The History Of The Porsche Sub-959 Supercar Is Told In 965

There was somewhat of a golden age for high-performance automobiles in the early 1990s. Nissan introduced the third-generation (R32) Skyline GT-R in 1989. This car was a turbocharged “giant-killer” that was fitted with various pieces of racing technology. One year later, Honda released the NSX, which was a visceral mid-engined supercar that was as easy to drive as a Civic. Then Ferrari released the F355, which had the first production paddle-shift gearbox and a wild 8,500 rpm V8 engine.

These automobiles burnt brightly, but there is one that is kept concealed in a secure facility close to Zuffenhausen that could have put out all of the fires. It was envisioned as “a cheaper successor to the 959,” according to Dieter Landenberger, who is the head of corporate history for the Volkswagen Group. Furthermore, it was intended to serve as a standalone replacement for the 930 Turbo.

The History Of The Porsche Sub 959 Supercar Is Told In 965 1

The narrative of 965 is one of game-changing technology and thinking beyond the box, noble ambition and harsh business reality (the single surviving prototype, for example, has an Audi V8 engine). However, the 964 Turbo and the 993 Turbo owe at least some of their success to this ill-fated hero. In this post, we will investigate the history of the 965 and examine at the legacy it has left behind.

In addition, the 911 Turbo faced competition that was somewhat different from those of the 911 Carrera and the SC that came after it. It competed head-to-head with major league supercars such as the Aston Martin V8 Vantage, the Ferrari 512 BB, and the Lamborghini Countach. In spite of the odds, the hot-rodded Porsche 911 was able to hold its own in terms of speed and bedroom-wall splendour, and it eventually became one of the uncontested symbols of the 1980s. Who among us can imagine the King’s Road of the Thatcher period or Wall Street during the Reagan era without seeing a Guards red 930 Turbo?

The word “hypercar” wasn’t created until after the McLaren F1 was introduced in 1992, therefore the golden age of free-market capitalism was also responsible for the birth of a new generation of even more powerful supercars. These machines, which were spearheaded by the Porsche 959 and the Ferrari F40, set new standards in terms of power, performance, and price. The title of the article that appeared on the front of CAR magazine in July 1988 after the publication had tested the competition from Germany and Italy was “ANOTHER WORLD.”

The 959 was a technological tour of force, in contrast to the unrefined and straightforward F40. It featured a computer-controlled Porsche-Steuer Kupplung (PSK) four-wheel drive system, electrically adjustable dampers, variable ride height, body panels made of Kevlar, magnesium wheels with hollow spokes, and a lot of other advanced technologies. However, while having a list price in the UK of 145,000 pounds, the actual cost of bringing each model to market was double that amount.

Let’s start back in 1975 with the very first 911 Turbo, which had a 3.0-litre engine. It stood out visually and physically from the rest of the 911 lineup with features like as its broad body and whale tail, as well as its 260 horsepower output. In acknowledgement of this fact, Porsche assigned the Turbo its own internal Typ number, 930. It was the last roadgoing 911 that was designated as such until the 964 was released in 1989 — although, in the United States, it was actually sold as the 930 Turbo Carrera.

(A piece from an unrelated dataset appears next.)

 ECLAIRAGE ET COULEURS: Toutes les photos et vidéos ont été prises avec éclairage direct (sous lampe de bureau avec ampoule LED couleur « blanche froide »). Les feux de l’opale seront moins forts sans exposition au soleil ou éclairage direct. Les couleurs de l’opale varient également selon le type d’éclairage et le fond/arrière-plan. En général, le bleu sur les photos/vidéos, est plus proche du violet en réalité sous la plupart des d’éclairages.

The History Of The Porsche Sub 959 Supercar Is Told In 965 2

In addition, the 911 Turbo faced competition that was somewhat different from those of the 911 Carrera and the SC that came after it. It competed head-to-head with major league supercars such as the Aston Martin V8 Vantage, the Ferrari 512 BB, and the Lamborghini Countach. In spite of the odds, the hot-rodded Porsche 911 was able to hold its own in terms of speed and bedroom-wall splendour, and it eventually became one of the uncontested symbols of the 1980s. Who among us can imagine the King’s Road of the Thatcher period or Wall Street during the Reagan era without seeing a Guards red 930 Turbo?

The word “hypercar” wasn’t created until after the McLaren F1 was introduced in 1992, therefore the golden age of free-market capitalism was also responsible for the birth of a new generation of even more powerful supercars. These machines, which were spearheaded by the Porsche 959 and the Ferrari F40, set new standards in terms of power, performance, and price. The title of the article that appeared on the front of CAR magazine in July 1988 after the publication had tested the competition from Germany and Italy was “ANOTHER WORLD.”

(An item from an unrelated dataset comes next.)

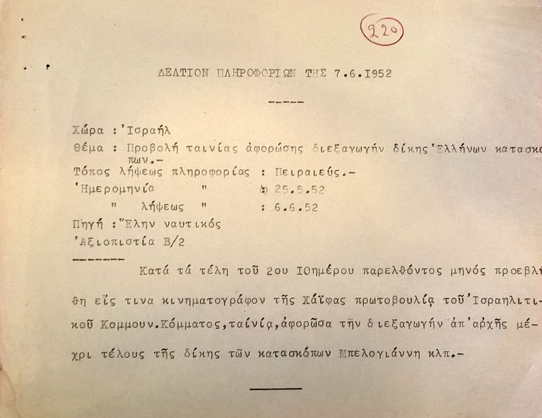 Σε δελτίο της Υπηρεσίας Πληροφοριών με ημερομηνία την 7η Ιουνίου 1952 (κάτι παραπάνω από δύο μήνες μετά την εκτέλεση) καταγράφεται ότι σε κινηματογράφο της Χάιφα στο Ισραήλ, μετά από πρωτοβουλία του Κομμουνιστικού Κόμματος της χώρας, έλαβε χώρα προβολή ταινίας που αφορούσε τη δίκη του Μπελογιάννη και των συντρόφων του.

The 959 was a technological tour of force, in contrast to the unrefined and straightforward F40. It featured a computer-controlled Porsche-Steuer Kupplung (PSK) four-wheel drive system, electrically adjustable dampers, variable ride height, body panels made of Kevlar, magnesium wheels with hollow spokes, and a lot of other advanced technologies. However, while having a list price in the UK of 145,000 pounds, the actual cost of bringing each model to market was double that amount.